Times public editor Arthur S. Brisbane wrote:

The Times, like other serious news organizations in democracies, exists to ferret out and publish information — most especially information that government, business and other power centers prefer to conceal. Arming readers with knowledge is what it’s about, and journalists are motivated to pursue that end.

The impulse to obtain and publish inaccessible information is greatly strengthened in an age in which, if anything, government secrecy is growing…

When the Times obtained the cables, the “opportunity to arm readers with hard-to-get information” took on great urgency.” Sadly, Keller cannot empathize with Assange and other staff members of WikiLeaks and admit that this “opportunity” is what would push WikiLeaks to publish as much of the information as possible.

Keller is likely to carry this animosity toward Assange and WikiLeaks to the grave.
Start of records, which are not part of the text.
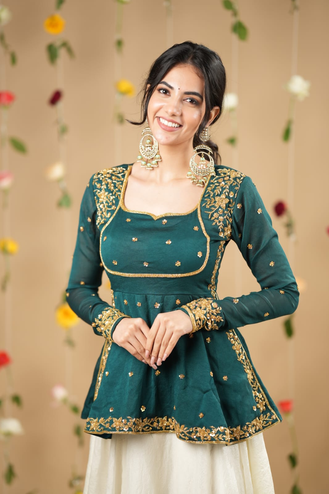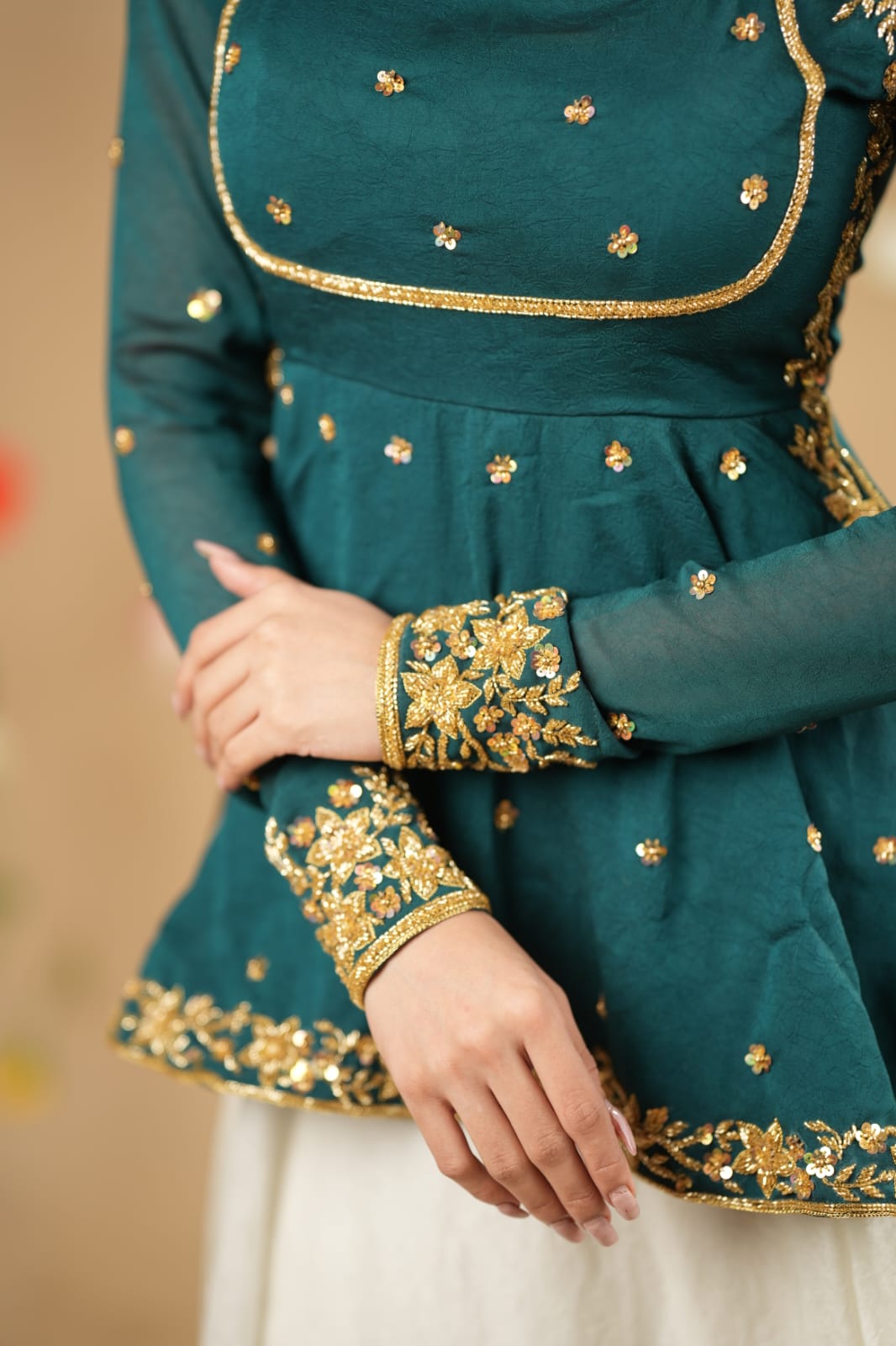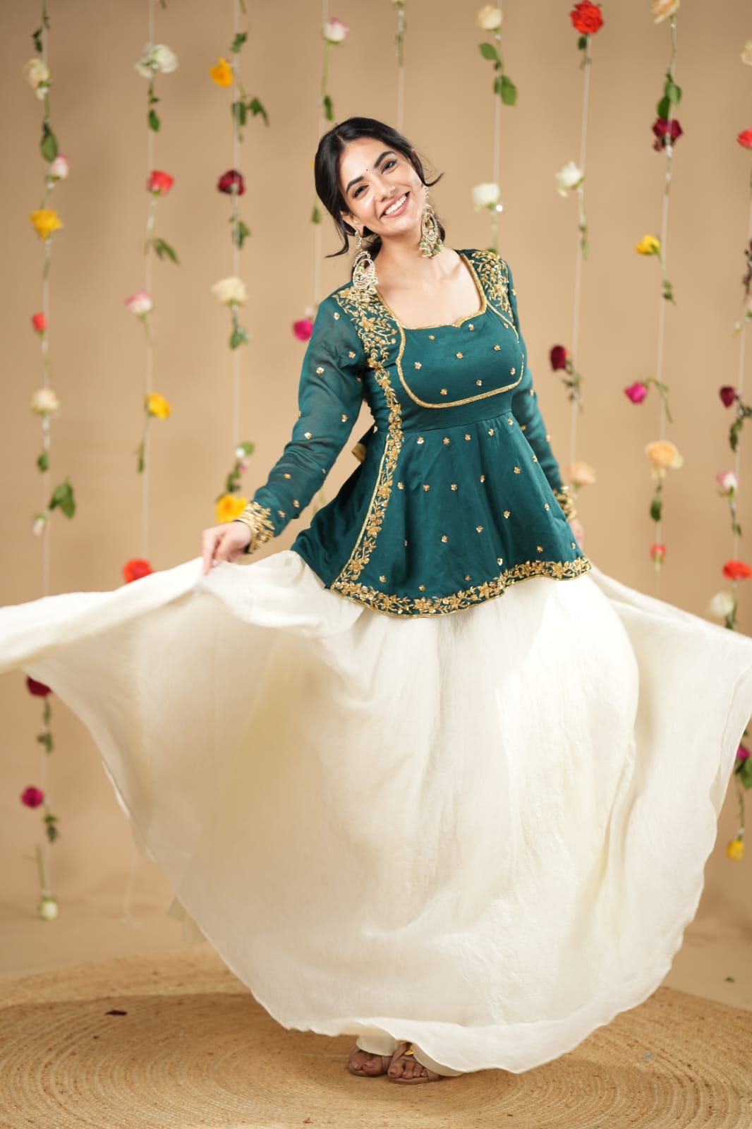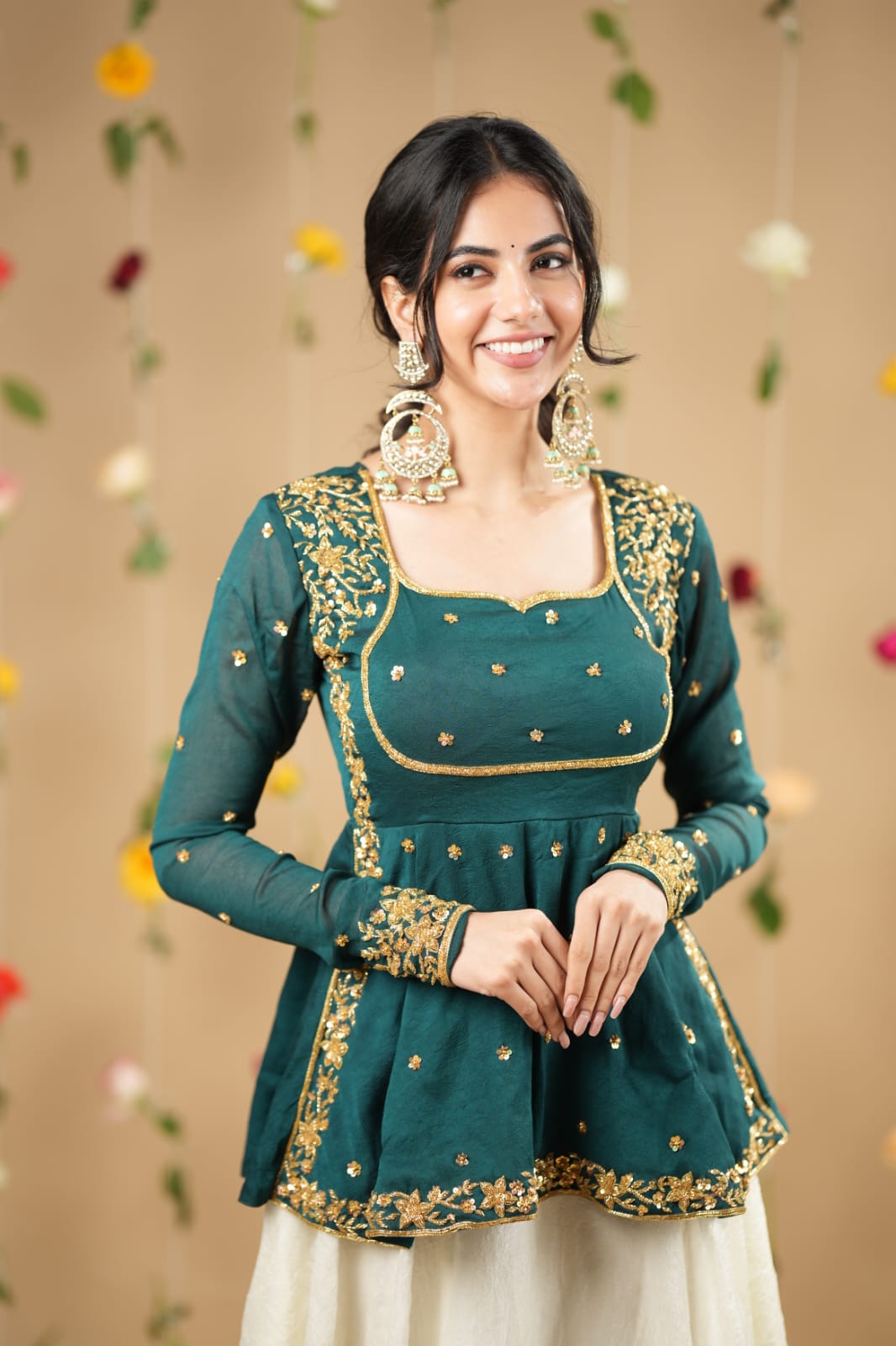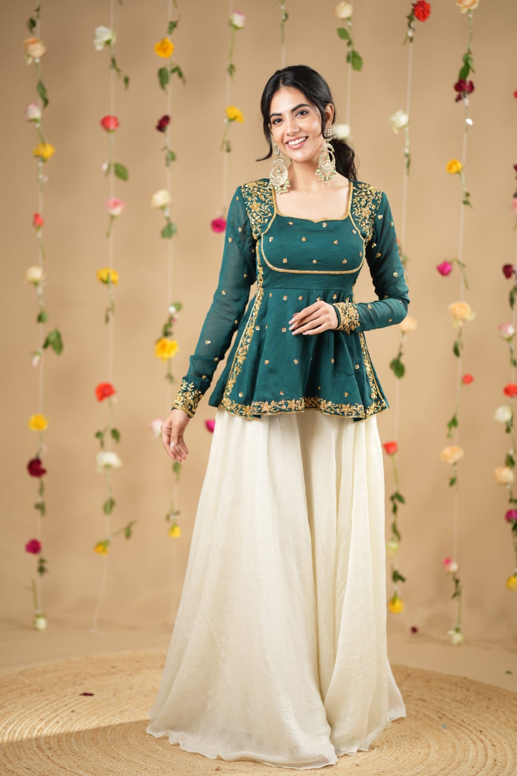 Fabric: Glosy Georgette Top with Intricate Handwork & Crush Tissue Skirt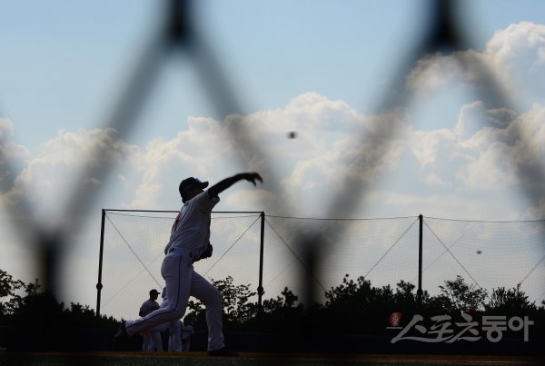 24일 이천 두산베어스파크에서 열린 두산 베어스의 마무리 캠프에서 선수들이 캐치볼을 하고 있다.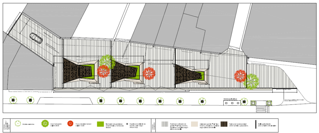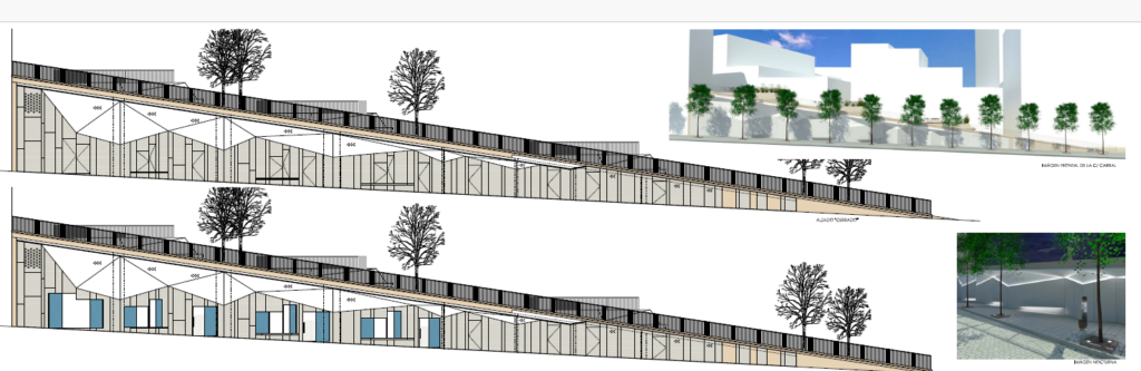 Y teniendo en cuenta el actual estado de «semi abandono y semi ruina interior», ofreciendo así una «mala imagen urbana de cara a la ciudad», Sirvent propone una «intervención radical» que transforme» los espacios y su relación con la calle poniendo el foco, sobre todo, en el plano de la fachada que la conforma como un «cerramiento acabado con una piel de dos materiales«.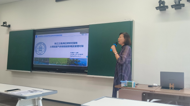 刘静玲教授以 “珠江三角洲红树林对土壤温室气体排放的影响及管理对策” 为主题,借助研究案例 —— 珠三角,生动阐释了红树林在固碳方面的卓越功效。并采用小组研讨形式,引导同学们自主探究红树林的保护与修复,同时进行补充答疑。刘玉学副研究员则以 “基于生物炭稳定性的农田土壤固碳效应” 为题,详细介绍了生物炭对土壤有机碳的激发效应及有机碳组分的影响等内容。期间,通过提问互动,为同学们答疑解惑,加深理解。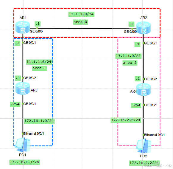 - 本实验基于eNSP1.3.00.100,合理划分area区域,核心控制设备为路由器AR1/AR2/AR3/AR4。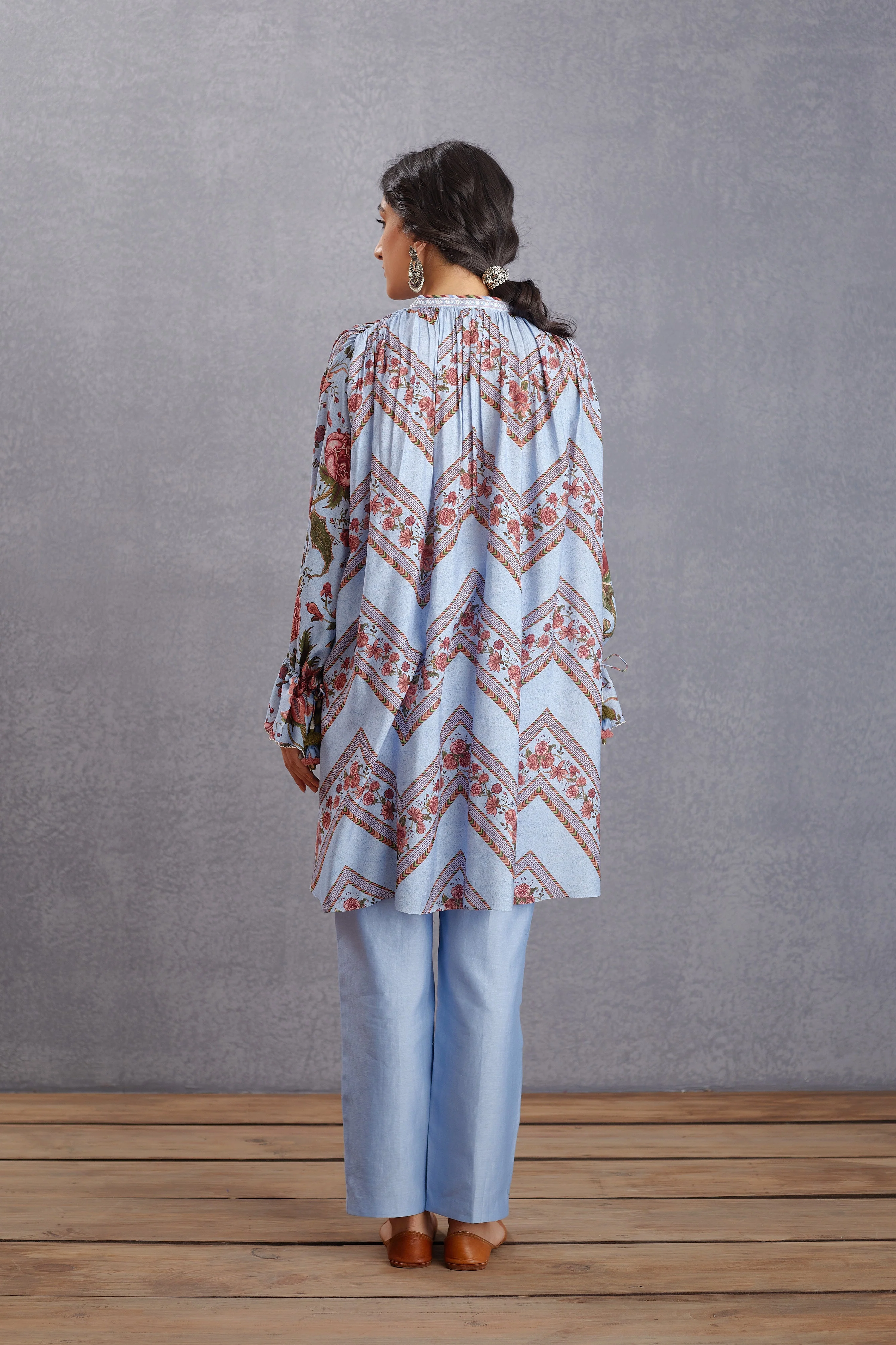 Look stunning in our Samsara Taarifa Co-ord Set. Made with cotton silk for the kurta and handwoven chanderi and cotton voile for the pants, this set is decorated with digital print, aari embroidery, and hand work for a beautiful and unique look. Perfect for any special occasion.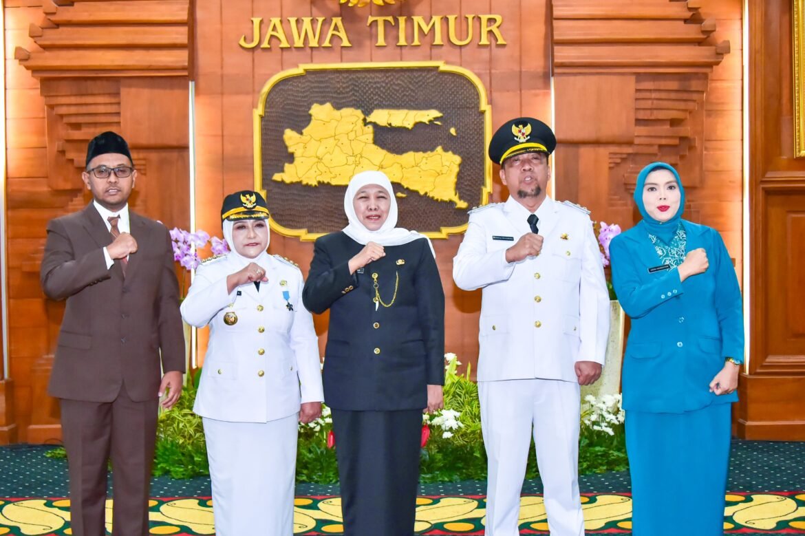 SabdaNews.com – Gubernur Jawa Timur Khofifah Indar Parawansa melantik Nanik Endang Rusminiarti dan Suyatni Priasmoro sebagai Bupati dan Wakil Bupati Magetan Hasil Pilkada Serentak Tahun 2024 Masa Jabatan Tahun 2025-2030 di Gedung Negara Grahadi, Surabaya, Jumat (23/5/2025).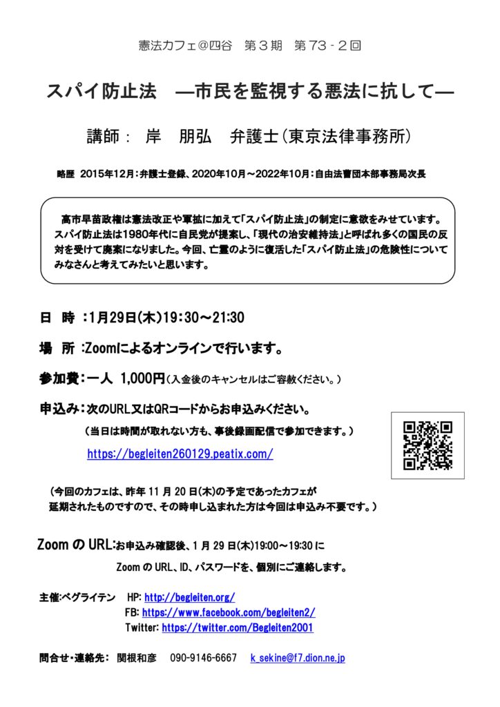 ベグライテン 憲法カフェ@四谷 (第3期 第73回)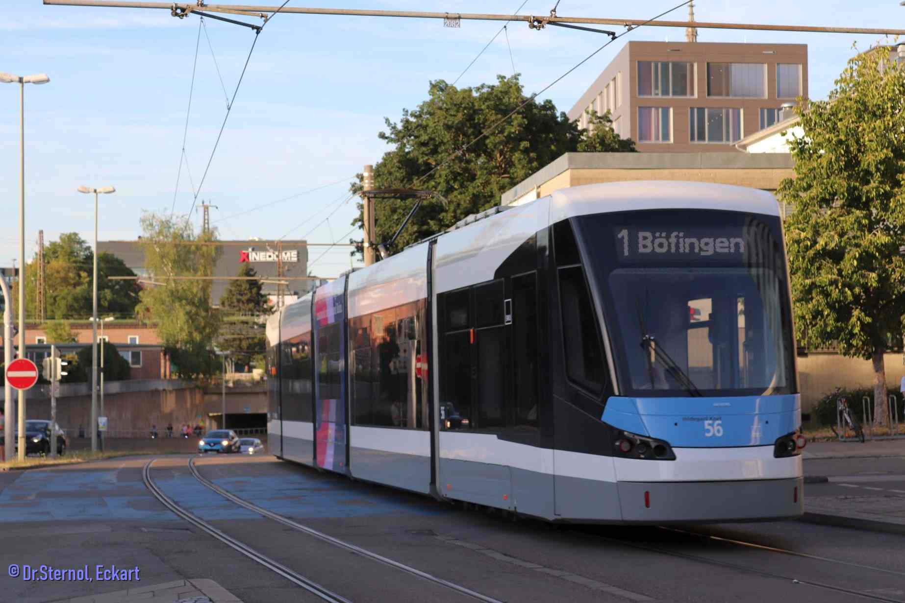 | Wagen 56 hat eben die Hst Ehinger Tor verlassen und schickt sich an, den Hbf zu unterqueren. Er Fährt auf Linie 1, d.h. die Neufahrzeuge sind nicht nur auf Linie 2 zu sehen. Dr. Sternol, Eckart (Foto), Dr.Sternol@t-online.de |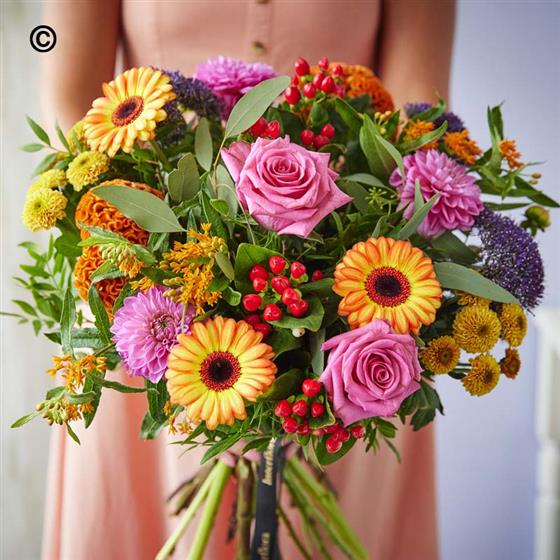 Autumn transformed into a gorgeous one-off bouquet, made just for them. Vibrant and bursting with seasonal blooms, they'll love it.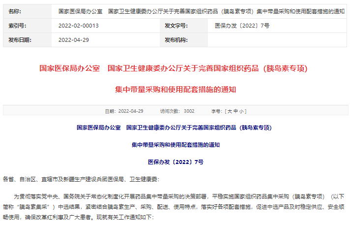 兩部門發(fā)文完善國(guó)家集采胰島素落地措施

He, like other pundits, are threatened by organizations like WikiLeaks.

The Times is a gate-keeping media organization. They see their role in society as one that involves deciding what the public needs to know and not know. WikiLeaks questions this process, which most media engage in. WikiLeaks makes it difficult for the news organization by exposing how the organization covers certain stories and ignores other stories.

The US establishment media needs to keep Assange around. He’s a punching bag they can hit whenever they need to remind Americans of their supposed value to society.

WikiLeaks attacks the Times‘ “professionalism,” which they engage in to maintain access to those in the halls of power. That they would question the paper’s deference to power is appalling to members of the establishment press in America.

This is why people like Keller write petulant columns. This is why Keller thinks Assange and WikiLeaks are to blame for political leaders not having the political will to fight for more transparency in government.